Background – Why am I doing this?

A little background first.  I have several email accounts, two of them are older, but they’re account names I don’t want to give up.   I use mostly my current Gmail account, but the two older ones I don’t want to surrender the account names.  I had the filters set up to forward all my mail to my primary Gmail account.  However, the two older accounts were still doing spam checking.  So I’d occasionally have to check in there to check the spam filters to make sure nothing was lost there.  This happened from time to time when I went to recover an older password somewhere that used one of these two older Gmail accounts.   Plus it was just annoying to look through their spam.
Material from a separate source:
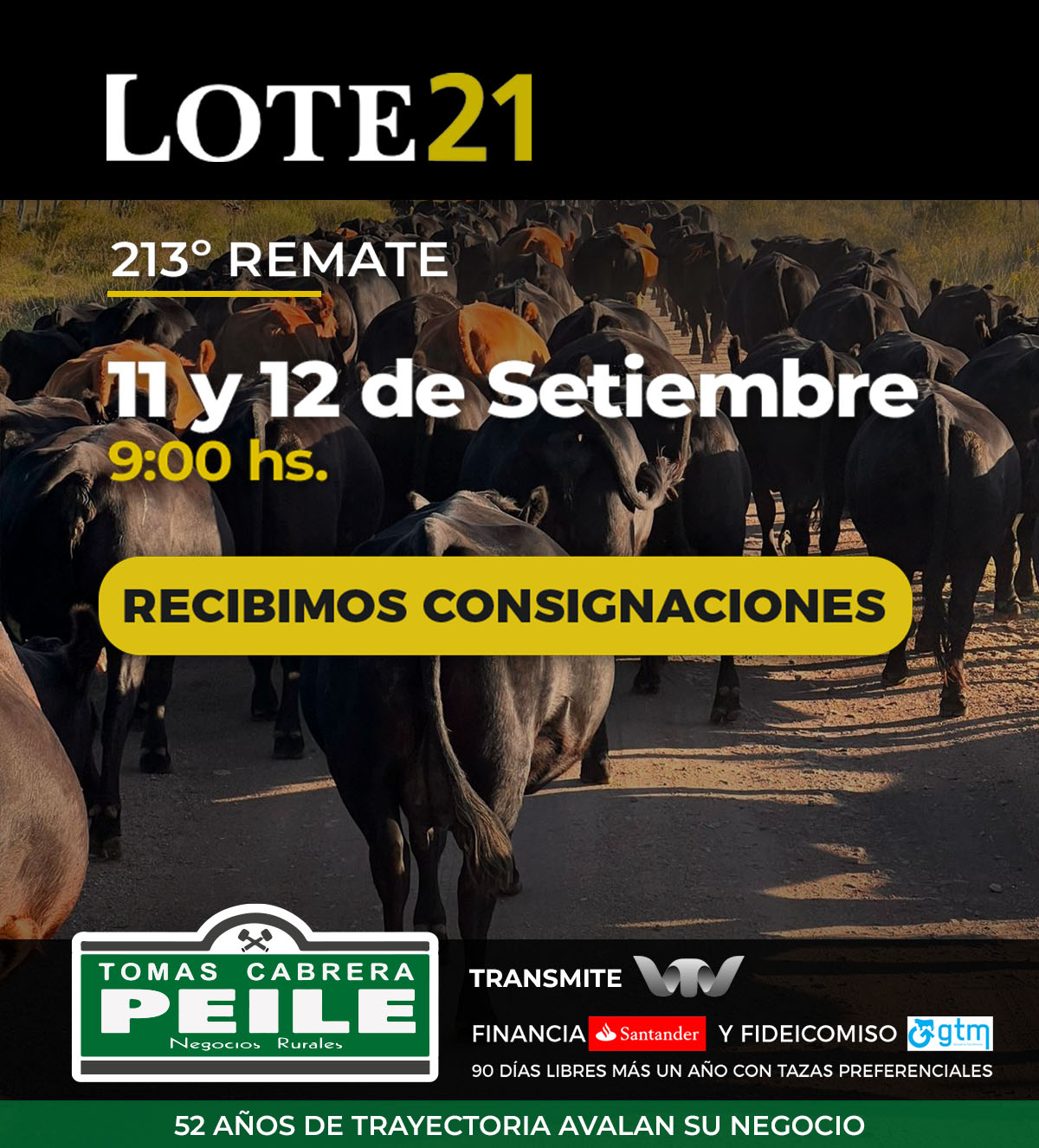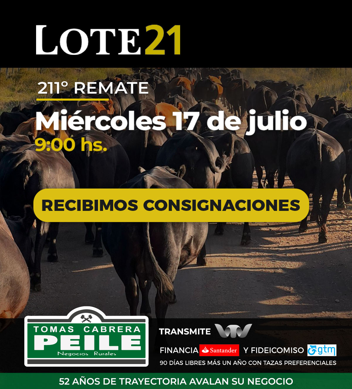 Este Jueves 23 de Mayo, remate especial, desde Buenos Aires, Argentina se realizará el 20º Remate de Lote 21.

Turning off Gmail Spam Checking – Sorta

So I got to thinking, there’s got to be a way to tell it to forward me ALL the mail from these two accounts, spam included.  I couldn’t figure out a way easily, and I got to thinking, how can I use the filters.  Came up with this idea, and it seems to work perfectly.

  1. Click the gear in the upper right hand corner and then…  (this is a new step due to Gmail interface changes)
  2. Go into “Settings”, and then pick the tab “Filters”.
  3. At the bottom, pick “Create New Filter”
  4. In the resulting popup, place this text (without the quotes) “is:spam” into the “Has the Words” box, and click “Create filter with this search”.
  5. Gmail will complain about this, saying “giving you a popup that says “Filter searches containing…..are not recommended as they will never match incoming email.”.  IGNORE THAT.  Just press OK.
  6. Tick the check mark that says “Never send it to Spam”, and then click “Create Filter”.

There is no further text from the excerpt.